**What to do**
Leaving pictures aside, restate exactly the lines of the data below, from the first one through the line that contains "Siyah Mermer Desen".

**Data under study**
○ ○ ○ ○ ○

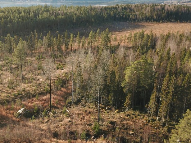 Trädslagsblandning tall 26%, gran 51%, löv 19% samt contorta 3%.
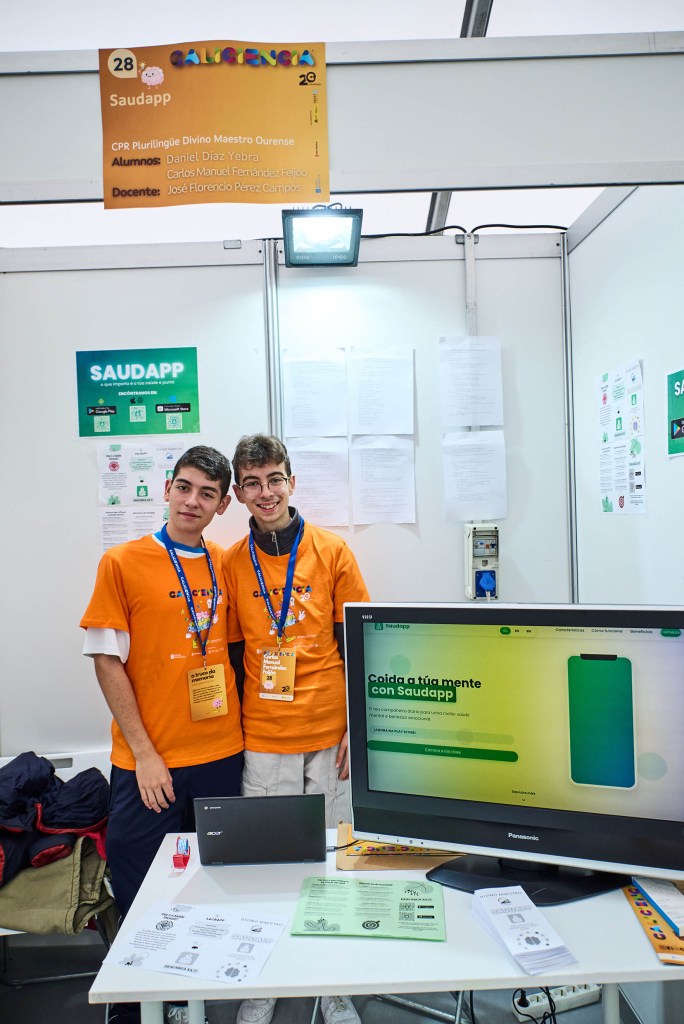 O segundo equipo clasificado foi o formado por Daniel Díaz e Carlos Fernández, do CPR Divino Maestro de Ourense, que deseñaron “SaudApp”, unha solución dixital sinxela e eficaz para que calquera persoa poida coidar a súa saúde mental. A aplicación permite rexistrar o estado emocional a través dun formulario diario, practicar meditación, levar un diario de gratitude e acceder a contidos recomendados como vídeos, podcasts e artigos sobre benestar mental. Ademais, conta cun sistema de recompensas baseado en rachas diarias: os usuarios acumulan moedas que poden gastar en personalizacións como fondos, músicas e audios de meditación guiada. “Se as persoas usan SaudApp de maneira constante, adoptarán hábitos máis saudables e mellorarán o seu benestar mental e emocional” -aseguran-. Este segundo premio, de 500 €, permitiralles participar na Zientzia Azoka, a feira de ciencia que ten lugar cada ano en Bilbao.
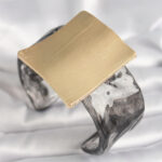 Siyah Mermer Desen Akrilik Plastik Gold Kare Plaka Model Vintage Kadın Bilezik
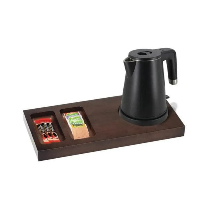 Elevate guest experience with the Roomwell UK Merlyn Welcome Tray. Crafted from beechwood in a rich mahogany hue, this hotel welcome tray features a built-in condiment holder and elegant design. Enhance room ambiance while offering functional convenience. Make a lasting impression on guests with this durable, sophisticated addition to hospitality. Order now for an unforgettable welcome.
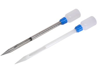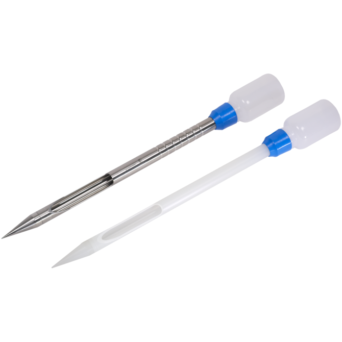 Пробоотборник "СтикПруф" (StickProof) для порошкообразных материалов предназначен для использования в фармацевтическом производстве, изготовлен из нержавеющей стали V4A (1.4404). Его наконечник очень тонок, что позволяет легко вводить пробоотборник в объём материала на достаточную глубину. Коническое отверстие наконечника позволяет отбирать пробы как очень малого, так и большего объёма. Пробоотборник "СтикПруф" (StickProof) является цельным и не имеет стыков, выемок и технологических неровностей, что обеспечивает простоту и высокое качество его очистки. Предусмотрена возможность отбора пробы непосредственно в пакет для образца. Пакет закрепляется с помощью надежного зажима.
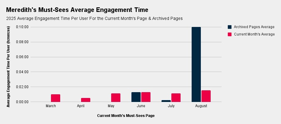 Audiences are not just visiting the page—they are spending more time with it. While April’s surge in traffic brought the average down to 0:31 per visit, subsequent updates steadily improved engagement. Adding archive links in June encouraged deeper exploration, pushing time on page to 1:29. By August, average engagement reached its highest point at 1:32, showing that viewers are forming stronger habits and staying longer with each visit.
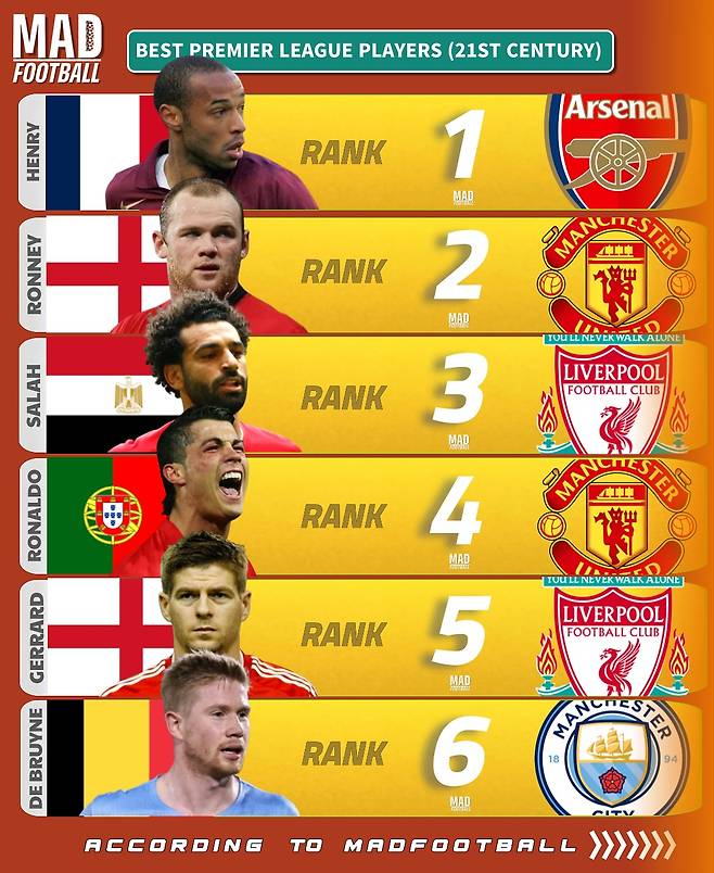 손흥민의 환상의 짝궁 해리 케인(바이에른 뮌헨)이 8위에 자리해 레전드들과 어깨를 나란히 했다. 5위는 스티븐 제라드(리버풀), 4위는 크리스티아누 호날두(맨체스터 유나이티드), 3위는 모하메드 살라(리버풀), 2위는 웨인 루니(맨체스터 유나이티드), 1위는 티에리 앙리(아스널)가 선정됐다.

○ ○ ○ ○ ○

**Response to the exercise**
 Trädslagsblandning tall 26%, gran 51%, löv 19% samt contorta 3%.
 O segundo equipo clasificado foi o formado por Daniel Díaz e Carlos Fernández, do CPR Divino Maestro de Ourense, que deseñaron “SaudApp”, unha solución dixital sinxela e eficaz para que calquera persoa poida coidar a súa saúde mental. A aplicación permite rexistrar o estado emocional a través dun formulario diario, practicar meditación, levar un diario de gratitude e acceder a contidos recomendados como vídeos, podcasts e artigos sobre benestar mental. Ademais, conta cun sistema de recompensas baseado en rachas diarias: os usuarios acumulan moedas que poden gastar en personalizacións como fondos, músicas e audios de meditación guiada. “Se as persoas usan SaudApp de maneira constante, adoptarán hábitos máis saudables e mellorarán o seu benestar mental e emocional” -aseguran-. Este segundo premio, de 500 €, permitiralles participar na Zientzia Azoka, a feira de ciencia que ten lugar cada ano en Bilbao.
 Siyah Mermer Desen Akrilik Plastik Gold Kare Plaka Model Vintage Kadın Bilezik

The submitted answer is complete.